Reproduce the data exactly as given, except for any images.

■ ■ ■ ■

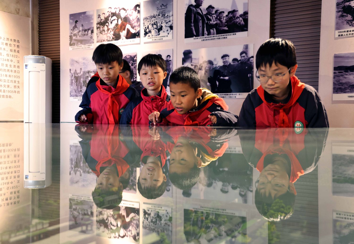 在丹江口大坝附近,丹江口市建设了南水北调中线工程纪念园,通过微缩还原的形式,重现了中线输水线路上的标志性工程,以及南水北调中线工程上重要节点城市的主要景点,让民众深入了解南水北调中线工程的规划、建设和运行过程。 图为10月22日,湖北省丹江口市南水调北中线工程纪念园,当地学生在开展研学活动。
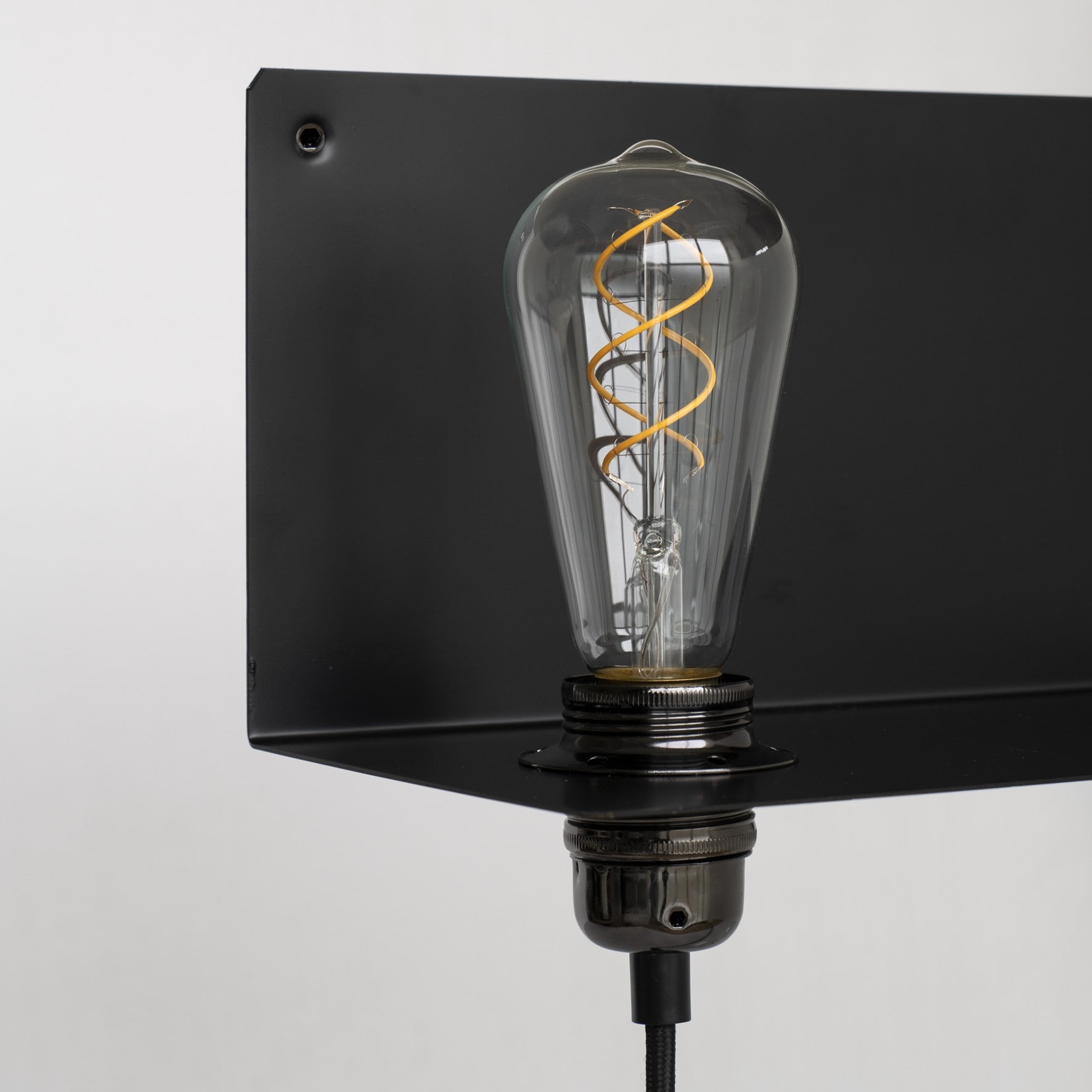 Bailey - Applique Wall Ledge Métal E27 Noir + 1.75m Câble Textile avec interrupteur - 141935
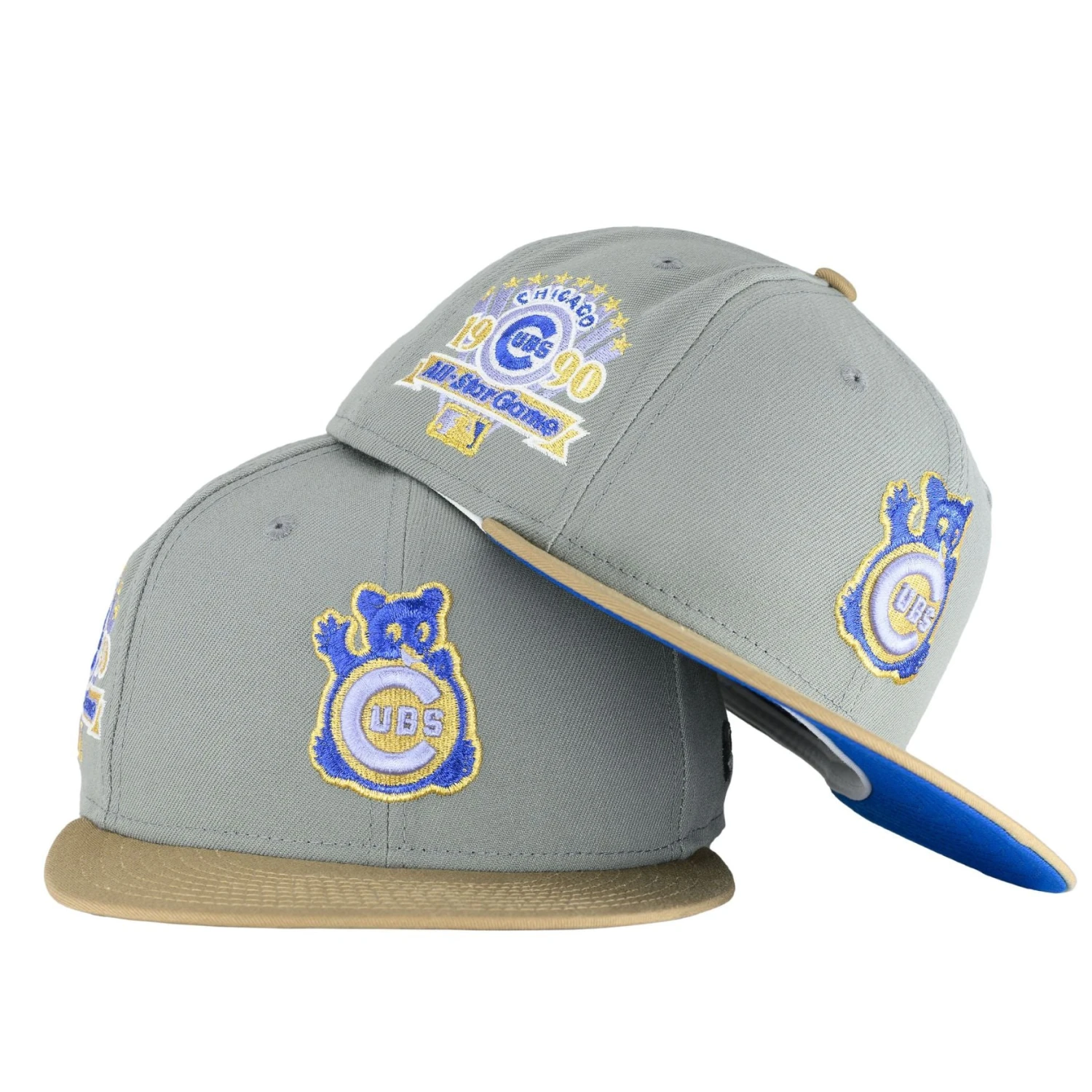 Check out the Chicago Cubs Misty Grey and Khaki Waving Bear 90ASG 59FIFTY Fitted. The waving bear is embroidered in gold metallic threads on the crown with matching batterman in the back. Don’t forget to check out the 1990 All-Star Game patch on the right side in the hats gold and blue colorway. Take a look at the boldly colored undervisor! The exclusive hat is available only at Clark Street Sports!
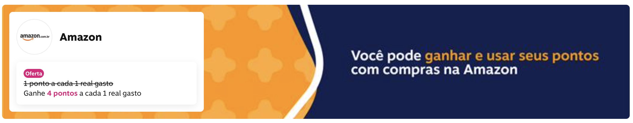Nesta oferta, a Livelo está oferecendo 4 pontos por real para todas as compras realizadas na Amazon. A promoção contempla todas as categorias do site e é válida tanto para assinantes quanto para não assinantes do Clube Livelo.
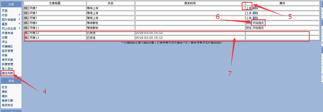 4.點擊“推送列表”,就會跳轉(zhuǎn)到此頁面。 5.點擊“上傳”次文章就會上傳到公眾號里面,但是沒有發(fā)布出去。 6.點擊“開始推送”就完成文章發(fā)布。(注:可以點擊“預(yù)覽”查看發(fā)布效果。) 7.顯示的發(fā)布成功以及發(fā)布時間。
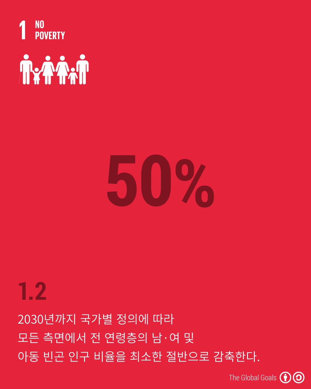 - 1.2 - 2030년까지, 국가별 정의에 따라 모든 측면에서 전 연령층의 남녀 및 아동의 빈곤 인구 비율을 최소한 절반으로 줄인다.
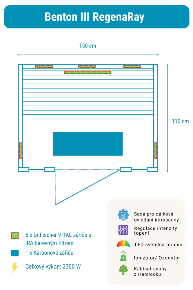 Infrasauna Benton 3 RegenaRay obsahuje:
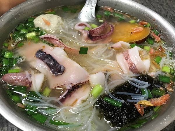 小卷雞湯米粉配料很豐富,可以看到一碗裡頭滿滿的料,除了地瓜片、虱目魚丸外,還加了一些蝦米、海苔提味,真的是營養豐富,可以吃得飽飽。

■ ■ ■ ■

**Response to the task**
 在丹江口大坝附近,丹江口市建设了南水北调中线工程纪念园,通过微缩还原的形式,重现了中线输水线路上的标志性工程,以及南水北调中线工程上重要节点城市的主要景点,让民众深入了解南水北调中线工程的规划、建设和运行过程。 图为10月22日,湖北省丹江口市南水调北中线工程纪念园,当地学生在开展研学活动。
 Bailey - Applique Wall Ledge Métal E27 Noir + 1.75m Câble Textile avec interrupteur - 141935
 Check out the Chicago Cubs Misty Grey and Khaki Waving Bear 90ASG 59FIFTY Fitted. The waving bear is embroidered in gold metallic threads on the crown with matching batterman in the back. Don’t forget to check out the 1990 All-Star Game patch on the right side in the hats gold and blue colorway. Take a look at the boldly colored undervisor! The exclusive hat is available only at Clark Street Sports!
Nesta oferta, a Livelo está oferecendo 4 pontos por real para todas as compras realizadas na Amazon. A promoção contempla todas as categorias do site e é válida tanto para assinantes quanto para não assinantes do Clube Livelo.
 4.點擊“推送列表”,就會跳轉(zhuǎn)到此頁面。 5.點擊“上傳”次文章就會上傳到公眾號里面,但是沒有發(fā)布出去。 6.點擊“開始推送”就完成文章發(fā)布。(注:可以點擊“預(yù)覽”查看發(fā)布效果。) 7.顯示的發(fā)布成功以及發(fā)布時間。
 - 1.2 - 2030년까지, 국가별 정의에 따라 모든 측면에서 전 연령층의 남녀 및 아동의 빈곤 인구 비율을 최소한 절반으로 줄인다.
 Infrasauna Benton 3 RegenaRay obsahuje:
 小卷雞湯米粉配料很豐富,可以看到一碗裡頭滿滿的料,除了地瓜片、虱目魚丸外,還加了一些蝦米、海苔提味,真的是營養豐富,可以吃得飽飽。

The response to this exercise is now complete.